An excess of males with autism in a proportion of about four to one is reported (Volkmar, Szatmari, & Sparrow, 1993) which further supports the involvement of genes on the X chromosome. In addition to genetic linkage data, several lines of evidence such as X chromosome rearrangements indicate that the X chromosome should be further studied in autism. For example, autistic patients have been reported with Xp22 duplications and/or deletions (Rao et al., 1994; Thomas et al., 1999) and an autistic female was described with a translocation involving the X chromosome (Ishikawa-Brush et al., 1997). This female showed that the breakpoint at Xp22.13 occurred in the first intron of the GRPR gene (gastrin-releasing peptide receptor). Mutations in two other X-linked genes encoding neuroligins, NLGN3 (at Xq13) and NLGN4 (at Xp22.3), have been reported in two families with autism (Jamain et al., 2003).
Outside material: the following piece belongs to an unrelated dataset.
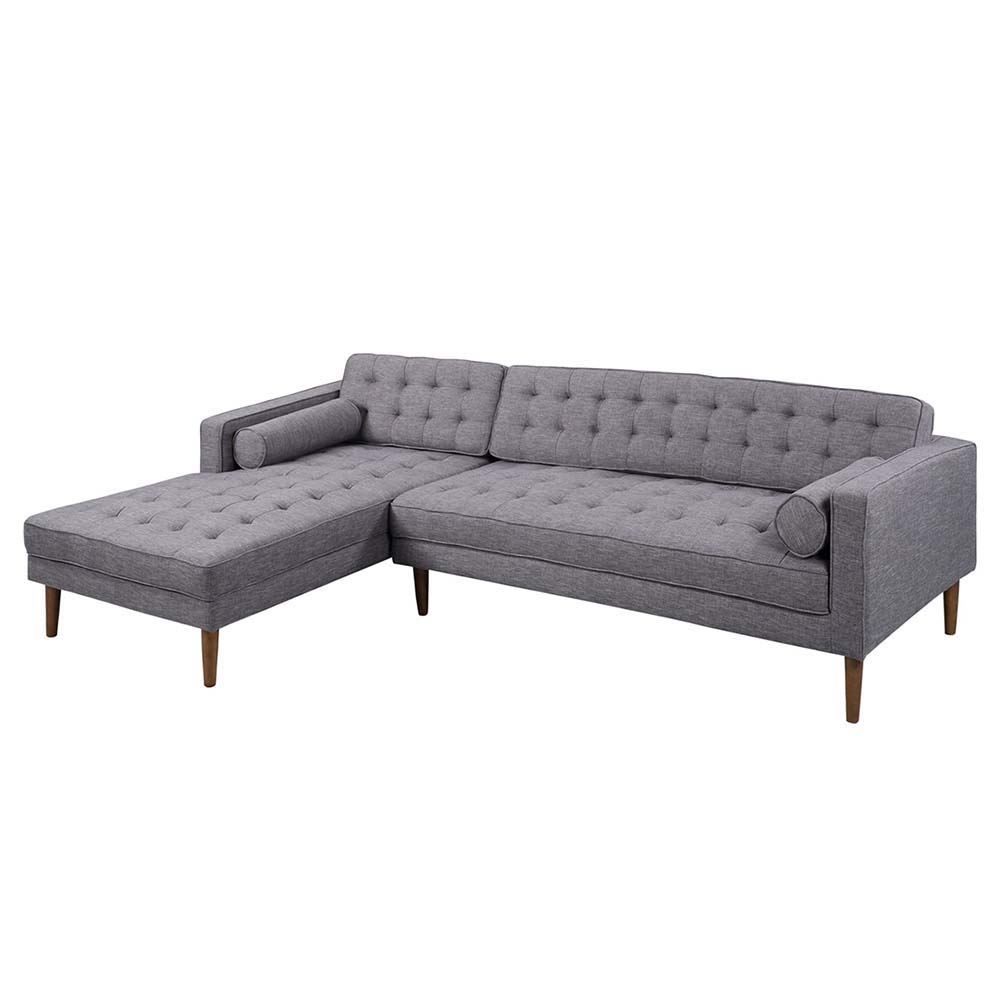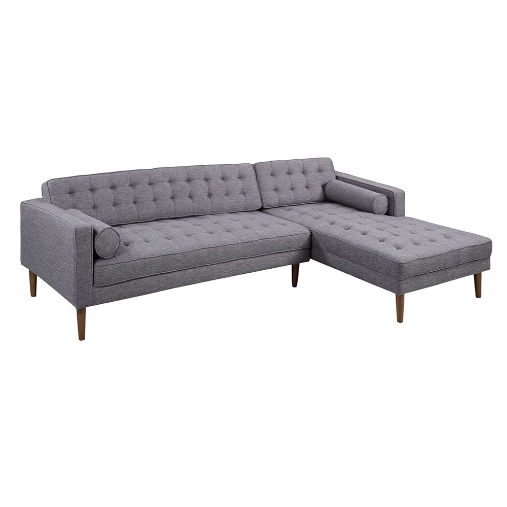 Sofa góc L 260x82cm nệm bọc vải chân gỗ SFL68022 được ưa chuộng sử dụng bởi kiểu dáng đơn giản, nệm bọc vải màu xám trung tính dễ dàng phối hợp với các không gian và các món đồ nội thất khác. Phần lưng và nệm ghế được giật nút được gia công cầu kỳ tạo điểm nhấn cho sản phẩm. Khung chân gỗ đã được qua xử lý có độ bền cao và khả năng chịu lực tốt. Ngoài vải bọc màu xám, bạn có thể lựa chọn màu sắc theo bảng màu của chúng tôi để có được màu ghế phù hợp với không gian hay theo sở thích của bản thân.

Plenge, Stevenson, Lubs, Schwartz, and Willard (2002) reported that skewed X chromosome inactivation (i.e., one X chromosome may be more or less active than the second X, for example, >80:20%) was a common finding among X-linked mental retardation female carriers using the human androgen receptor (AR) gene located at Xq11.2. The human AR gene contains a highly polymorphic in-frame CAG repeat encoding 11–31 glycine residues in exon 1 of the gene. X inactivation patterns can be assessed using the AR gene in females informative at the CAG repeat. Additionally, a rare cytosine to guanine mutation in the XIST gene promoter region has been reported to contribute to skewed X chromosome inactivation in females (Plenge et al., 1997).

X chromosome inactivation occurs early in embryonic development of somatic cells in human females to achieve gene dosage compensation with males (Lyon, 1961). Therefore, one of the two X chromosomes is inactivated in each female cell at random which then results in an equal number of active X chromosome genes in both male and female cells. The X inactivation is a complex process and requires three main steps: initiation, spreading, and maintenance (Penny, Kay, Sheardown, Rastan, & Brockdorrf, 1996; Willard, 1995). During the initiation step, one of the two X chromosomes is selected to be inactivated which requires the presence in cis of the X inactivation center (XIC) (Brown et al., 1991; Russell, 1963). In humans, the candidate region for XIC is located on the proximal long arm of the X chromosome (at Xq13). In 1991, the XIST gene (X-inactive specific transcript) was discovered in the XIC region and became a candidate gene for initiation of inactivation (Brown et al., 1991). The XIST gene is constitutively expressed from the inactive X chromosome and encodes a transcript but does not code for a protein (Brown et al., 1992). The untranslated RNA product of the XIST gene “coats” the presumptive inactive X chromosome which results in spreading of inactivation from the XIC region. However, certain X-linked genes have been found to escape inactivation and are expressed from both the active and the inactive X chromosome (Brown, Carrel, & Willard, 1997). Genes that are not subject to X inactivation are distributed non-randomly along the X chromosome with the majority clustered on the short arm of the human X (Carrel, Cottle, Goglin, & Willard, 1999).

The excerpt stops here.